There was a lovely sympathetic relationship with Roshi, which also provided excellent moments of comedy.  There were shades of radio comedian Leon Cortez, whose speciality was potted versions of Shakespeare plays, as Juliet Angus all but stopped the show with her modern schoolgirls interpretation of Hamlet – a play that had sent Sonny into a state of panic when cast by the bullying headmistress as a messenger in the school production.

The sequence with his dead mother, in which we discover his shame at not being able to find the words to prevent her death, the cause of his stammer, was less satisfying, as reality, symbolism and mime all piled in on top of one another. All of this was played out on an expertly designed and lit set, with a staircase stage right to provide variations in hight, and ideally chosen props and stage dressing that appeared and disappeared as if they were in a magician’s hands.

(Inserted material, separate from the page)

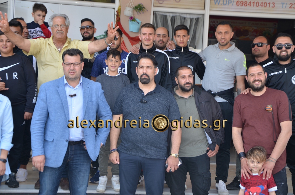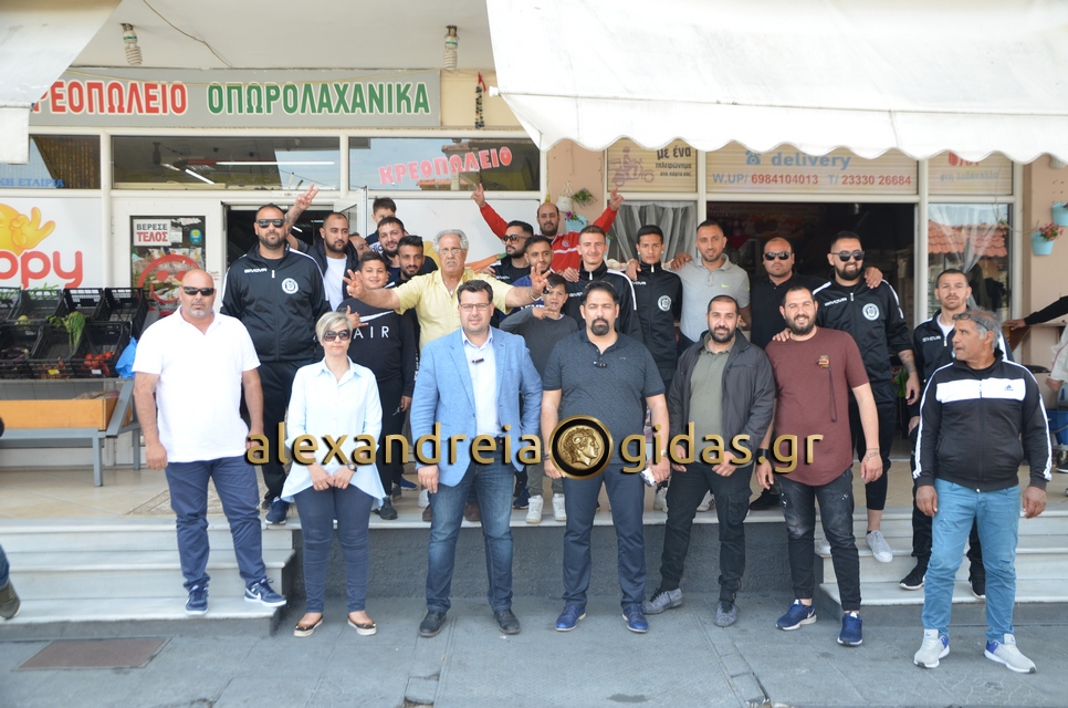 Κοντά στην ομάδα ο υποψήφιος δήμαρχος Αλεξάνδρειας Κώστας Ναλμπάντης που με τη σειρά του έδωσε τις δικές του ευχές για καλή επιτυχία στη διοίκηση και τους ποδοσφαιριστές του ΠΑΟΚ.

At the rear was a video screen that inventively displayed every word of dialogue spoken, which opens the play up fully to anyone with any hearing impediment.

When you add in music and sound to help heighten moments of tension and/or fun and you have a production team determined, and capable of, using most of the latest tools available to them.

Played for an hour and a half without an interval, there were moments when the play loses its way, but the fascinating battle for Sonny’s soul and rid him of the dreaded stammer which is preventing him fully integrating with friends and foe and reaching his full potential is never far away, holding you like a rabbit caught in a car’s headlights, unable to take your eyes off the action on stage.